Sitting in the lobby.
The Council of Europe in early March introduced temporary protection across the European Union for refugees fleeing the war in Ukraine. While asylum must be applied for and granted on an individual basis, temporary protection does not require individual applications.
The program is specifically designed to alleviate national asylum systems and include the rights of “residence, access to the labour market and housing, medical assistance, and access to education for children,” according to the Council of Europe.
Canada has adopted a special “authorization for emergency travel” program that offers three-year visitor visas to Ukrainian nationals. The program is for “temporary safe harbour in Canada, until it is safe to return to Ukraine,” according to the Canadian government. The U.S. government has a limited program to accept 100,000 refugees.

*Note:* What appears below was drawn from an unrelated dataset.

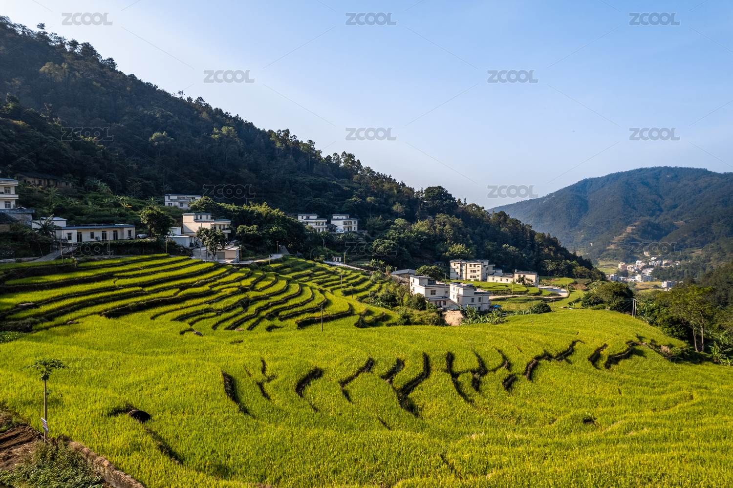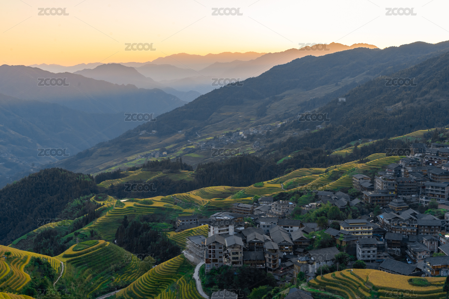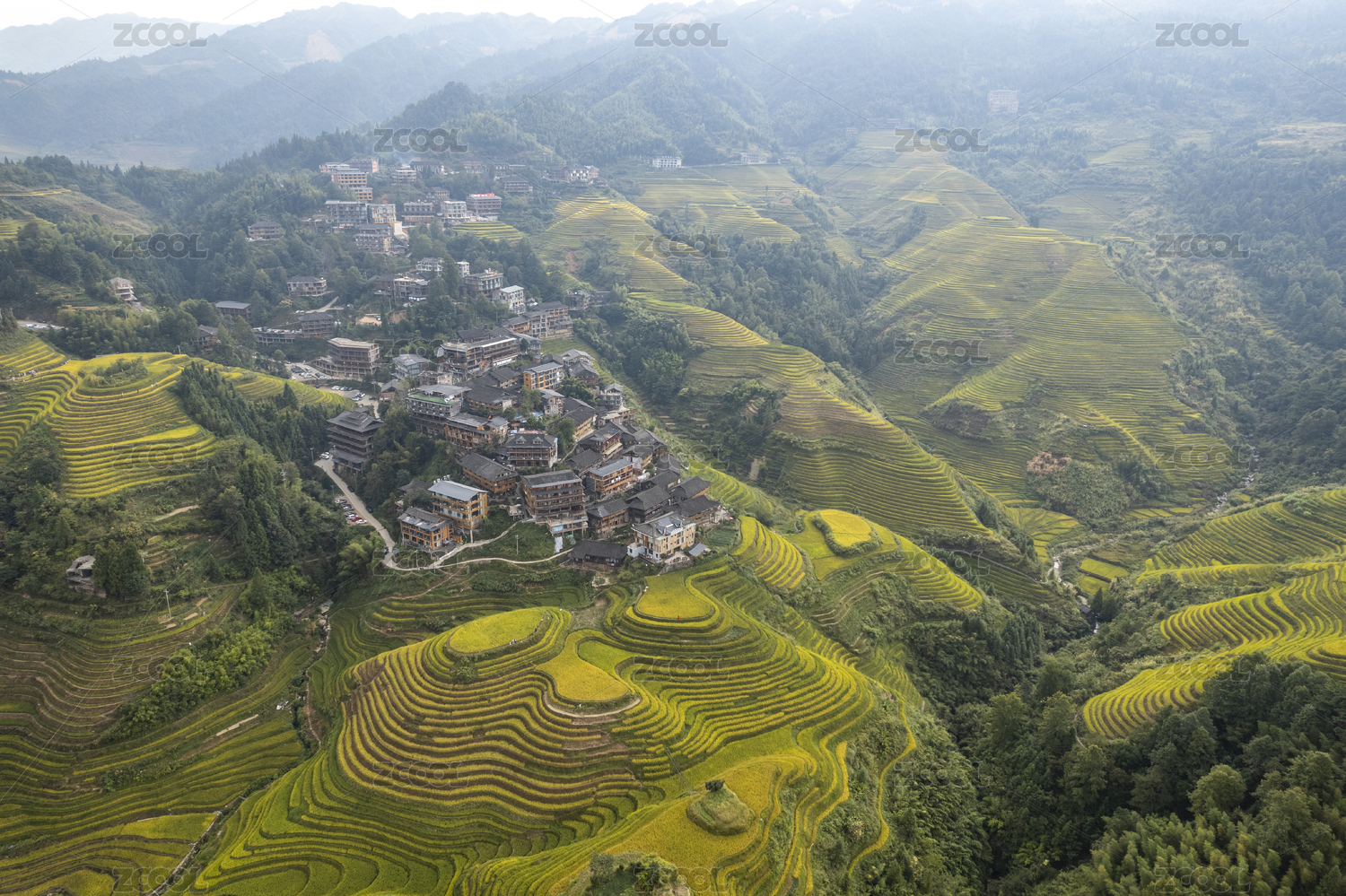 广西初秋阳光下龙脊梯田村庄
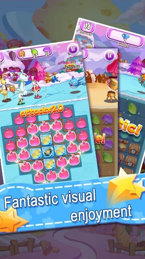 Bunny Line – игра с увлекательным игровым процессом где вы будете помогать милым животным защищать свою деревню. В этой игре вашей задачей будет соединять между собой различные объекты и взрывать их, тем самым наделяя героев энергией необходимой для сражений. Дайте отпор всем монстрам нападающим на вашу деревню и составляйте цепочки из трех и более объектов. Тренируйте свою отличную реакцию и скорость пальцев, составляя цепочки и побеждая опасных монстров. Выполняйте все миссии и задания игры и получайте доступ к новым уровням, которых в этой игре представлено более 300. Играйте в эту игру и поднимайтесь все выше в таблице лидеров.

The choice of where to go and what to do is not an easy one. The war has complicated the plans of Nuri and her family, who planned to move abroad even before the war started.
Nuri arrived in Galați from Kropyvnytskyi in the second week of March along with her husband, her son, her brother in law and his family and her father-in-law. They listened to explosions and sirens for five days before deciding to leave. They packed up a few suitcases of clothes and like many people first fled to Moldova, from which they eventually made it to Galați.
Her own parents arrived about a week later. They had spent a few days in Moldova, but had trouble finding decent food and lodging. The typically six-hour journey from Kropyvnytskyi to the Moldovan border took two days and they slept in the car.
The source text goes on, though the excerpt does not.